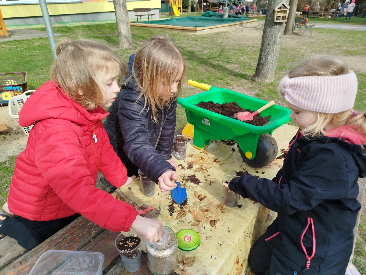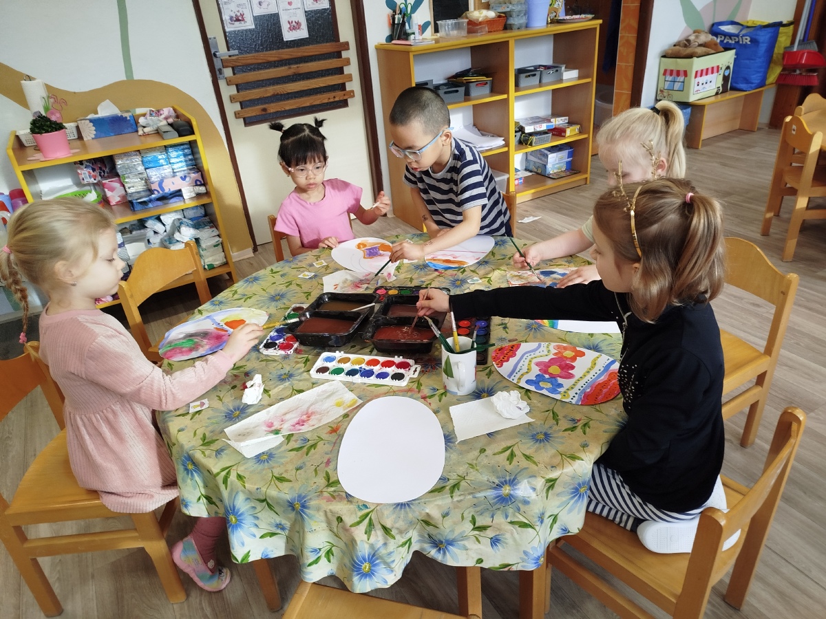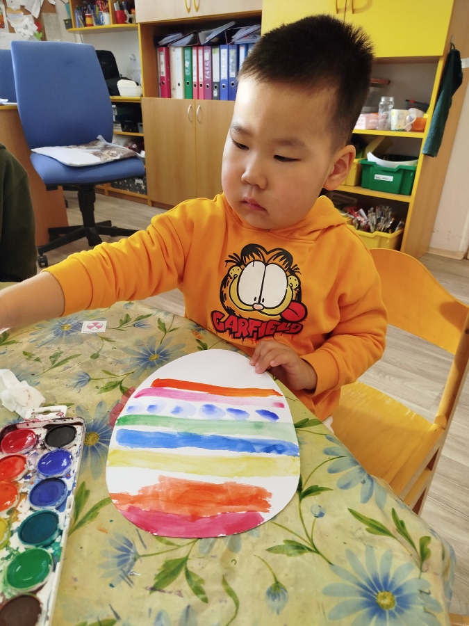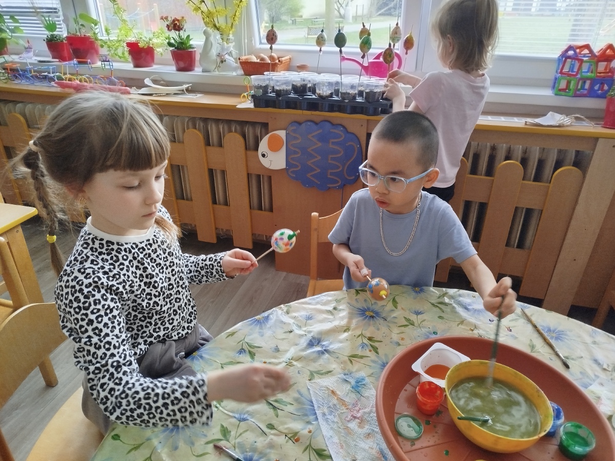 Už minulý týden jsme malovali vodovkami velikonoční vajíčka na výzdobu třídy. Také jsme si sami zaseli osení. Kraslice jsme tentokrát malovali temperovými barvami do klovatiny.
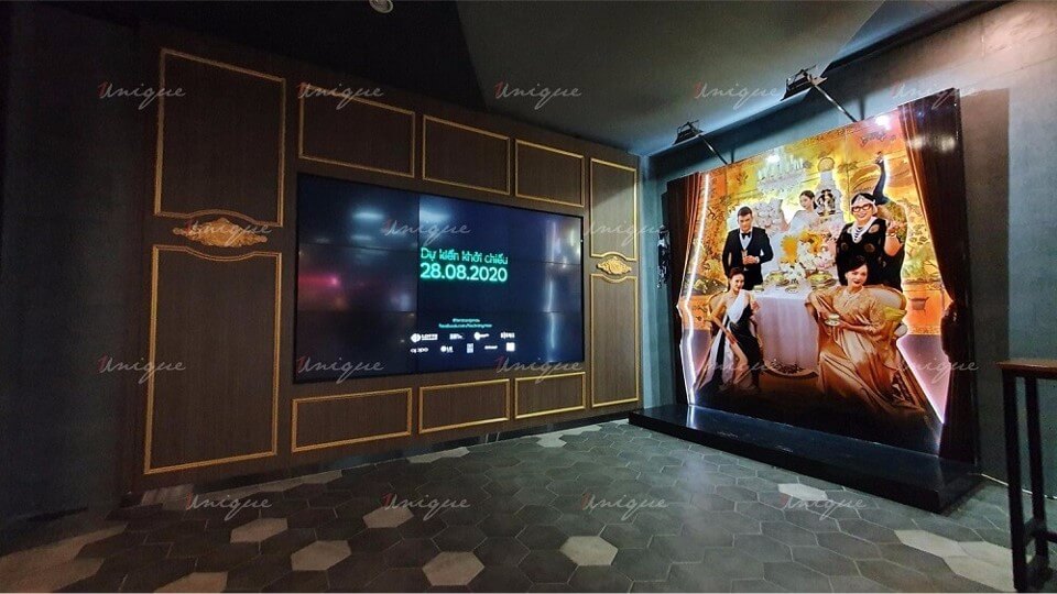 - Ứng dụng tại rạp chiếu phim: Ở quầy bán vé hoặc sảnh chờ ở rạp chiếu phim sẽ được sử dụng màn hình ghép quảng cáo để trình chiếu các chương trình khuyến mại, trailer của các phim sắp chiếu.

- - -

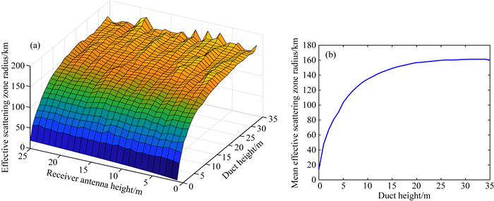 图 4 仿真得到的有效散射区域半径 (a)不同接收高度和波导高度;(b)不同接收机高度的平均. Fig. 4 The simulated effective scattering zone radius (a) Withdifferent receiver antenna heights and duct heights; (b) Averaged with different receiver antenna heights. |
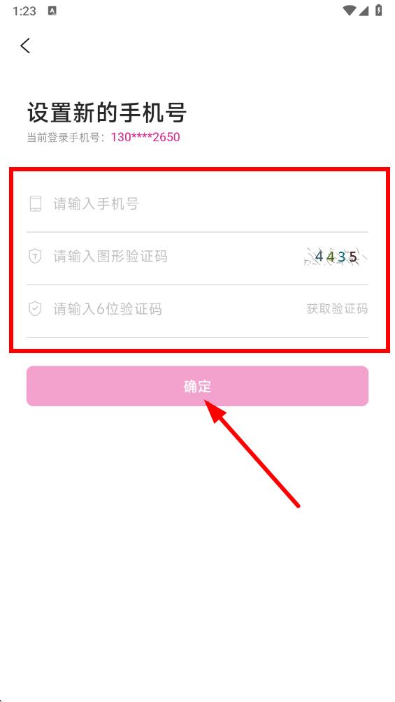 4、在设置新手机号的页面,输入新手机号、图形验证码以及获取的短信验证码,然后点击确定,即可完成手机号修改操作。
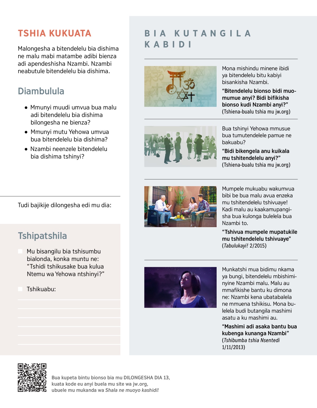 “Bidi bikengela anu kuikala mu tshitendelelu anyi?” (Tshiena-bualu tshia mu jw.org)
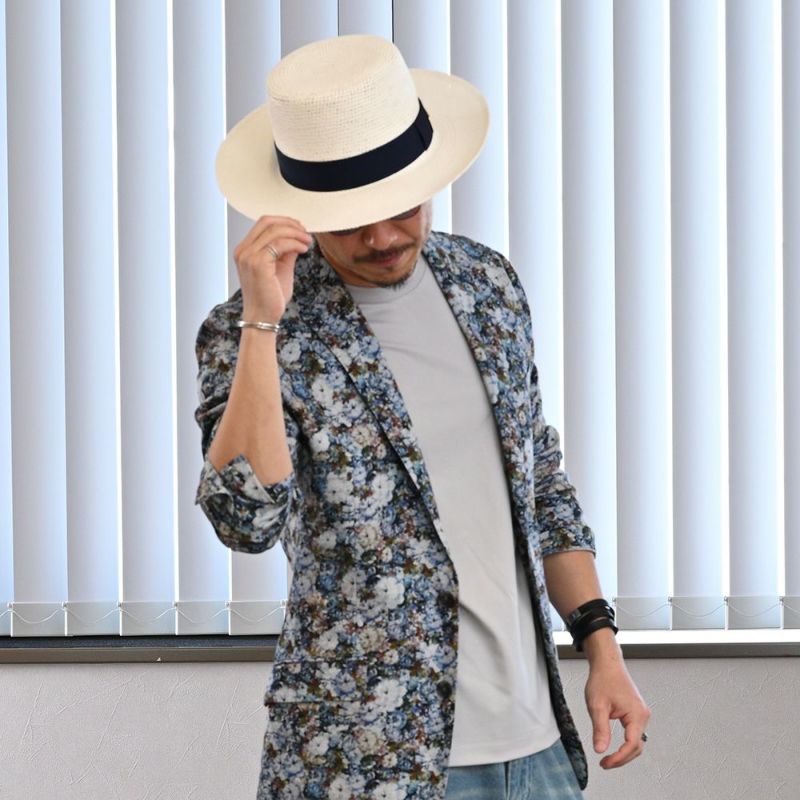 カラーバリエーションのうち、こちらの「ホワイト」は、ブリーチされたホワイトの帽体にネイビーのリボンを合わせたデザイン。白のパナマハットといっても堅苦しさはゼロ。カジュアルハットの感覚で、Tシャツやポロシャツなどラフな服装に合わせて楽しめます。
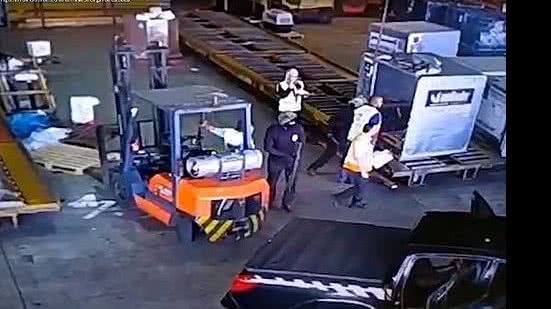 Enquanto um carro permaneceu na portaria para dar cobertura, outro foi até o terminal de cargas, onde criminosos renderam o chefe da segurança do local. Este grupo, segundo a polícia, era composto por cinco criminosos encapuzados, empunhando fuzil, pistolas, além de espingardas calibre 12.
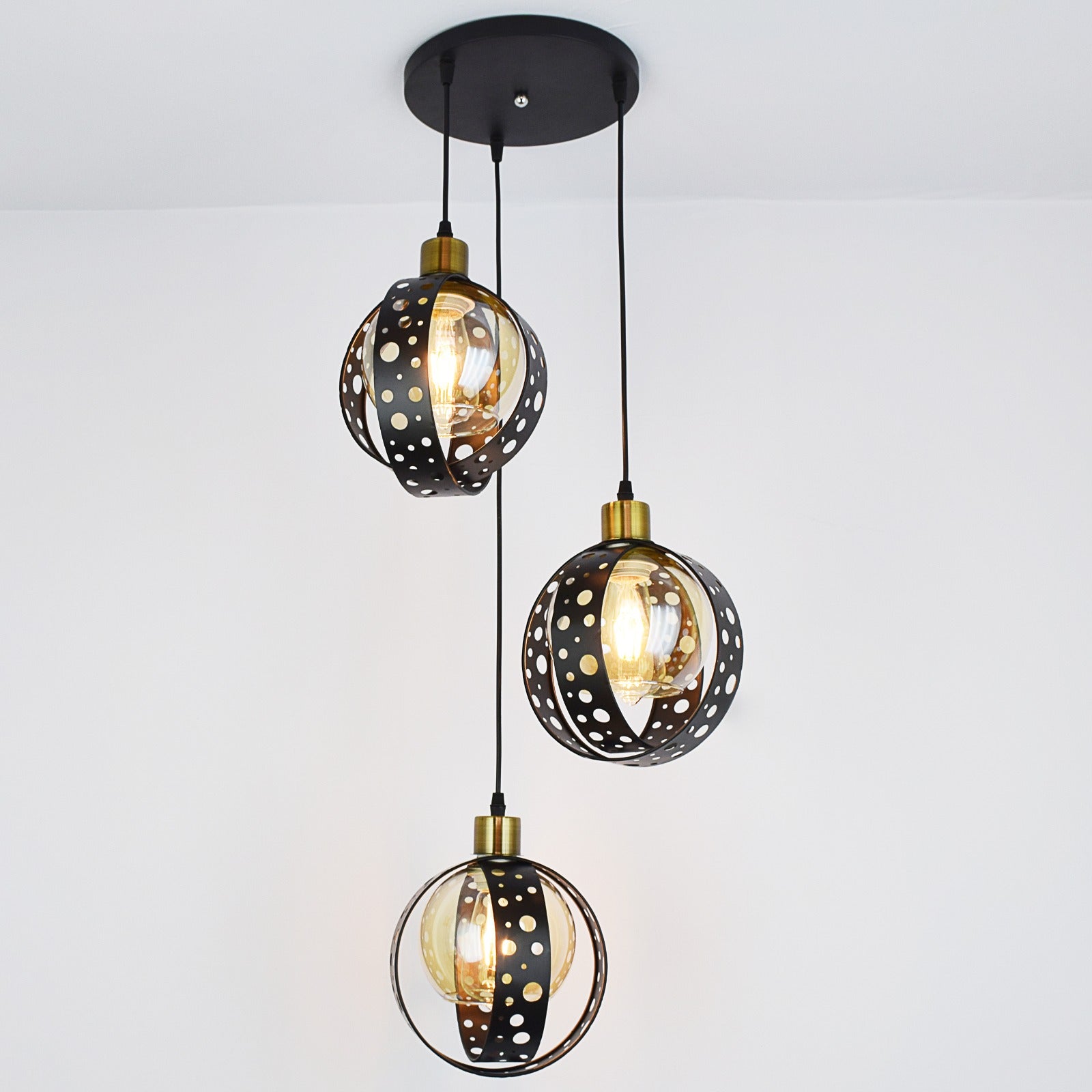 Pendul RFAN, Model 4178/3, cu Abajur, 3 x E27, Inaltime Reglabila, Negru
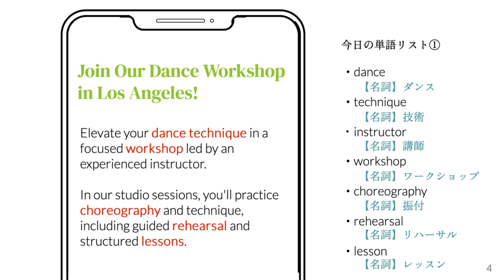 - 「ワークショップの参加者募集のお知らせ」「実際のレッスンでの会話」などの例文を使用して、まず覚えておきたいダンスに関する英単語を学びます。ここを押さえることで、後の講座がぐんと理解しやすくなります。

- - -

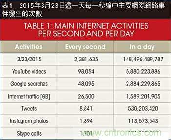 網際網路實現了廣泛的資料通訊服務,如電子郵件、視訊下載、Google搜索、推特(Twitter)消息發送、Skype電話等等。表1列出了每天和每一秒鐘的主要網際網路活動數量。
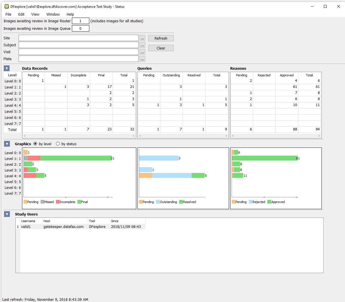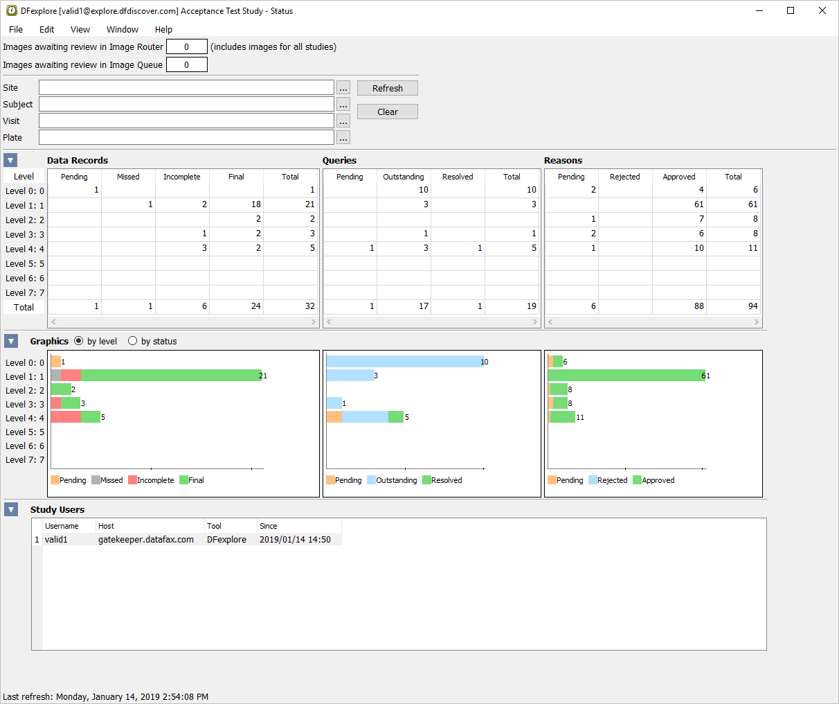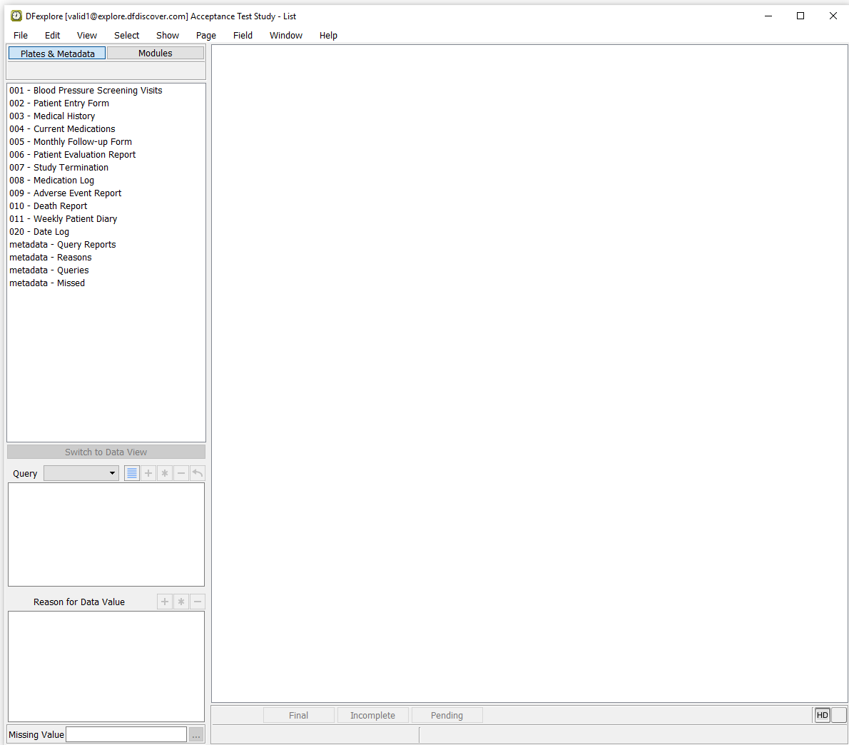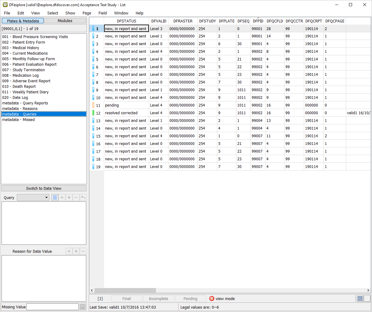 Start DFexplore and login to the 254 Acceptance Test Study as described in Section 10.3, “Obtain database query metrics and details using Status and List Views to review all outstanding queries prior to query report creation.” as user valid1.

- - -

### [WHAT YOU WILL DO]
A clean copy is needed of the lines above from the one with "Už minulý týden" up to and including the one with "- Ứng dụng tại". Please set it down exactly, with no pictures.

### [WRITTEN SOLUTION]
 Už minulý týden jsme malovali vodovkami velikonoční vajíčka na výzdobu třídy. Také jsme si sami zaseli osení. Kraslice jsme tentokrát malovali temperovými barvami do klovatiny.
 - Ứng dụng tại rạp chiếu phim: Ở quầy bán vé hoặc sảnh chờ ở rạp chiếu phim sẽ được sử dụng màn hình ghép quảng cáo để trình chiếu các chương trình khuyến mại, trailer của các phim sắp chiếu.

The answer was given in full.